Beckmann started training at the St. Louis School of Fine Arts at Washington University in 1947. He taught at Washington University (alongside German-American painter and printmaker Werner Drewes) and the Brooklyn Museum during the last three years of his life. Perry T. Rathbone, the director of the Saint Louis Art Museum, welcomed him to St. Louis. Rathbone arranged for Washington University to recruit Beckmann as an art teacher, filling a vacancy left by Philip Guston, who had been on leave. In 1948, the City Art Museum in Saint Louis hosted the first Beckmann retrospective in the United States. Morton D. May, a St. Louis photographer and painter who is also an avid amateur photographer and painter, became his patron and artist, as well as a student of the artist. Beckmann's works were on display at the St. Louis Art Museum until May later donated a portion of his large collection of Beckmann's works. Beckmann also taught him how to appreciate Oceanian and African art.

He and Quappi took an apartment on 38 West 69th Street in Manhattan after stops in Denver and Chicago. He obtained a professorship at the Brooklyn Museum Art School in 1949.

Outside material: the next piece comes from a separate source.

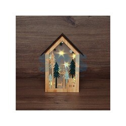 Деревянная фигурка с подсветкой «Домик в лесу» 19?6?26 см — необычный интерьерный декор, выполненный из эко логичных безопасных материалов – натуральной древесины и нетоксичных красителей. В резном корпусе в виде домика с крышей находятся фигурки елей и маленького олененка, гуляющего в лесу. Композиция подсвечивается шестью диодами, излучающими теплый белый свет. Изделие работает от двух батареек типа ААА, что делает его мобильным. Деревянная фигурка с подсветкой станет оригинальным украшением вашего дома, создаст атмосферу уюта и тепла в долгие зимние вечера.

Beckmann, who died after Christmas 1950, was struck by a heart attack at the corner of 69th Street and Central Park West in New York City, not far from his apartment building. He was on his way to see one of his paintings at the Metropolitan Museum of Art as the artist's widow recalled. Beckmann's one-man exhibit at the Venice Biennale of 1950, the year of his death, was a one-man show. He created the work Falling Man, which is both a reflection on death and eerily accurate of the jumpers and other injured people who fell from the World Trade Center Towers in 1950.